━━ Input for this task ━━

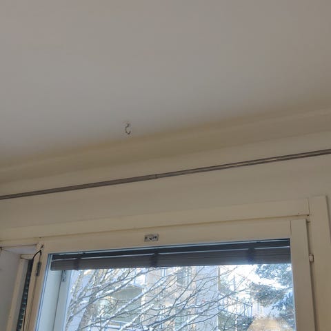 Musta metallinen verhotanko, pituus 200cm ja voi pidentää vielä +200cm. Verhorenkaat saa kaupan päälle :)
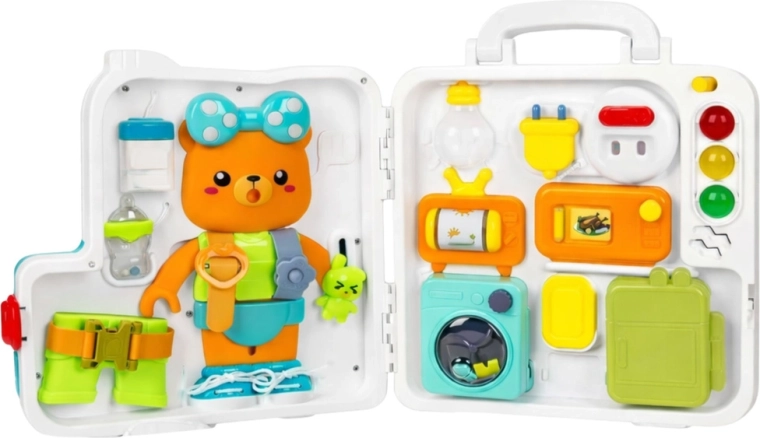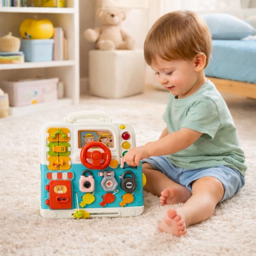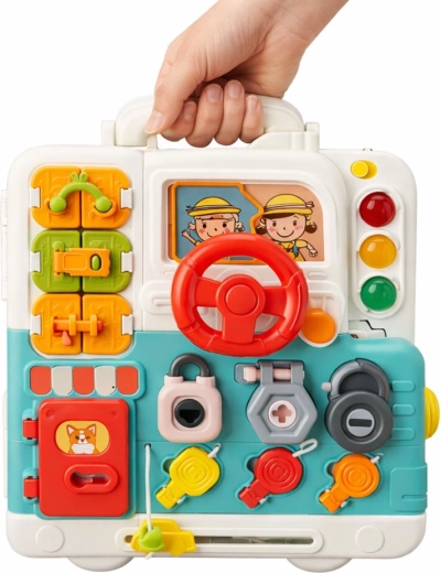 Tablă interactivă portabilă, în formă de valiză pliabilă, care dezvoltă motricitatea, gândirea logică și simțurile copiilor. Cei mici se joacă cu rotițe, încuietori și chei, comutatoare, ușițe și imită activitățile de zi cu zi. Efectele luminoase și sonore mențin atenția și susțin coordonarea mână–ochi și explorarea independentă.
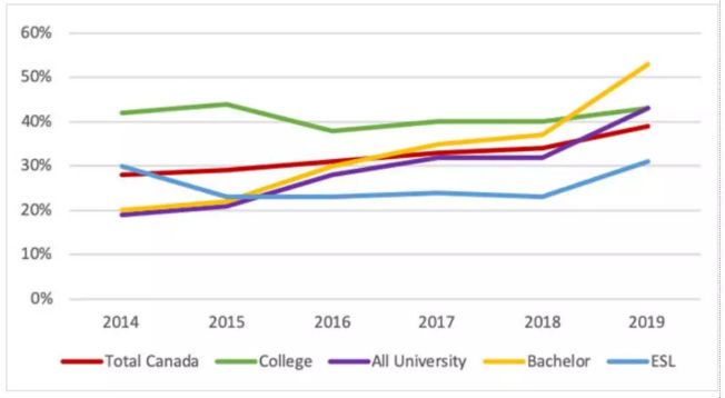 从2014年到2018年,在加拿大就读的外国留学生总数增长超过73%,使该国成为这五年间全球增长最快的留学目的地。
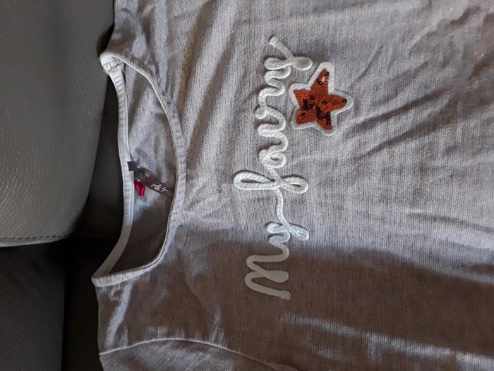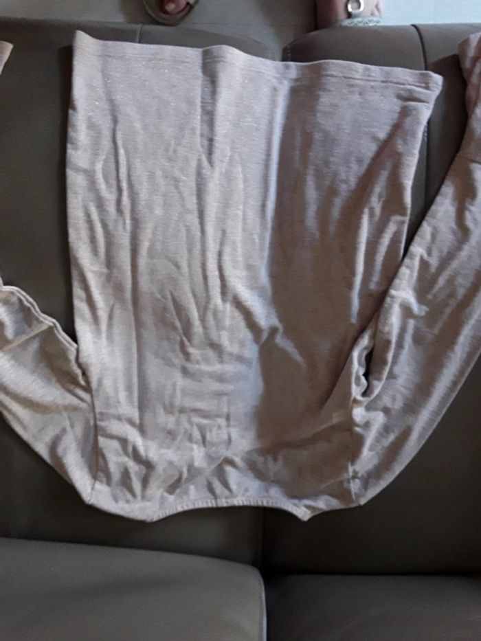 Tee shirt manches longues volantes couleur beige avec fils rose doré,etoile sequins
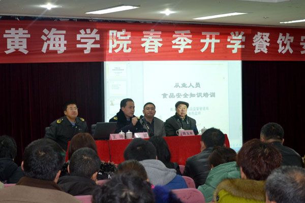 3月10日上午,应冰球官网邀请,黄岛区灵山卫食品药品监督管理所在一号教学楼一楼东配,召开了冰球突破豪华版官方网站春季开学餐饮安全培训会议。灵山卫食品药品监督管理所蒋健所长、王坤主任和学院分管领导陈玉水书记、后勤处殷锡贤处长及食堂从业人员一百余人参加了本次会议。会议由学校党委副书记、院长助理陈玉水主持。
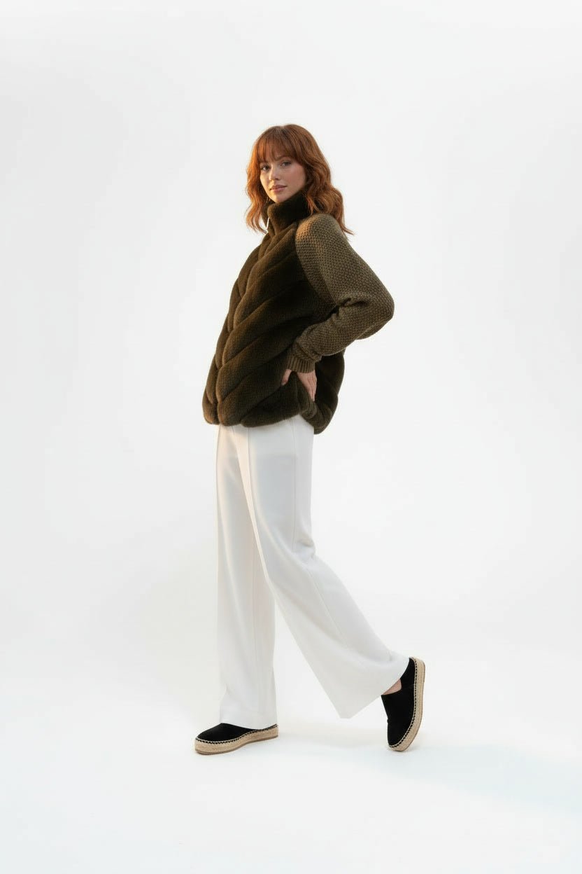 The Marais by Aries x Rose is a winter essential crafted for the woman who carries elegance in everything she does. Featuring a plush fur-panel front and soft knitted sleeves, it blends texture and warmth in a way that feels effortless and elevated. The relaxed oversized silhouette flows beautifully over the body, offering freedom and polish without trying too hard. Whether layered for the season or worn over a simple outfit, The Marais brings a quiet luxury to your wardrobe that is both powerful and unforgettable.
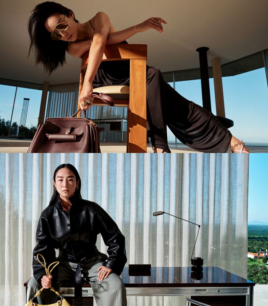 LOEWE全球品牌代言人楊冪與名演員Greta Lee葛莉塔.李、Josh O’Connor及Stéphane Bak在家居場境中亮相,大窗戶與玻璃牆是現代主義建築特徵,與廣告主角身上服飾同樣鮮明優雅。
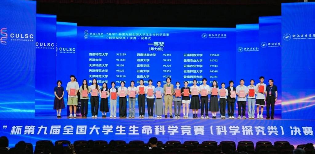 生命科学学院消息(通讯员 付博菲)7月21-23日,由全国大学生生命科学竞赛委员会主办的第九届全国大学生生命科学竞赛(科学探究类)决赛在浙江万里学院落幕。太阳城生命科学学院三支入围队伍,凭借扎实的专业知识、过硬的科研能力和精彩的现场答辩,均荣获国家级一等奖,刷新太阳城在该项赛事中的历史最佳成绩。

━━━

Exercise aim: Both ends included, copy the lines from the one holding "从2014年到2018年,在" to the last line of the entries exactly, with all pictures left out.

Task response:
 从2014年到2018年,在加拿大就读的外国留学生总数增长超过73%,使该国成为这五年间全球增长最快的留学目的地。
 Tee shirt manches longues volantes couleur beige avec fils rose doré,etoile sequins
 3月10日上午,应冰球官网邀请,黄岛区灵山卫食品药品监督管理所在一号教学楼一楼东配,召开了冰球突破豪华版官方网站春季开学餐饮安全培训会议。灵山卫食品药品监督管理所蒋健所长、王坤主任和学院分管领导陈玉水书记、后勤处殷锡贤处长及食堂从业人员一百余人参加了本次会议。会议由学校党委副书记、院长助理陈玉水主持。
 The Marais by Aries x Rose is a winter essential crafted for the woman who carries elegance in everything she does. Featuring a plush fur-panel front and soft knitted sleeves, it blends texture and warmth in a way that feels effortless and elevated. The relaxed oversized silhouette flows beautifully over the body, offering freedom and polish without trying too hard. Whether layered for the season or worn over a simple outfit, The Marais brings a quiet luxury to your wardrobe that is both powerful and unforgettable.
 LOEWE全球品牌代言人楊冪與名演員Greta Lee葛莉塔.李、Josh O’Connor及Stéphane Bak在家居場境中亮相,大窗戶與玻璃牆是現代主義建築特徵,與廣告主角身上服飾同樣鮮明優雅。
 生命科学学院消息(通讯员 付博菲)7月21-23日,由全国大学生生命科学竞赛委员会主办的第九届全国大学生生命科学竞赛(科学探究类)决赛在浙江万里学院落幕。太阳城生命科学学院三支入围队伍,凭借扎实的专业知识、过硬的科研能力和精彩的现场答辩,均荣获国家级一等奖,刷新太阳城在该项赛事中的历史最佳成绩。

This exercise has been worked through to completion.